A great many classes I see have default constructors. A great many of those are implemented by zeroing out the class members for them to be 'initialised' properly at a later time.
Let's remind ourselves what constructors are for, from the inventor of C++ himself:
It is the job of every constructor to establish the class invariant, so that every member function can rely on it.
A default constructor is one that takes no arguments. That suggests that there is a state which can be arrived at without user configuration and which doesn't violate the class invariant. And for that to be the case, one of the following must be true:
- You have a well-defined invariant which allows a naturally 'empty' state.
- You have a weakened invariant which allows a singular state.
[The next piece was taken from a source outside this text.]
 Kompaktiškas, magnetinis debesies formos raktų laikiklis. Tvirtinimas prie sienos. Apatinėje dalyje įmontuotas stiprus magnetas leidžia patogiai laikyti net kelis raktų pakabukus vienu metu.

Containers are a good example of the first case. Their invariant is such that an empty container is valid and useful, and it can be arrived at easily without any configuration.
A class which zeroes its members in the constructor and requires a further initialisation step is an example of the second case. The majority of operations that may be done on this post-default-construction, pre-initialisation object are illegal, which makes this default state singular.
If this singular state is so useless, why not avoid it entirely by establishing useful states in all constructors and strengthening your class invariant? If a default constructor isn't capable of achieving this, don't provide one.
More on this to come.
I got annoyed by this exact thing today because the Qt framework assumes it can default construct objects, which means you have to provide a default constructor, even if the class would make much more sense if it did not have one. e.g. a button class that derives from a Qt button class but you want it to always be given a delegate of some kind as its 'button action'. The only option is to allow a 'null action' and have a mutator for providing the real one later. Crap!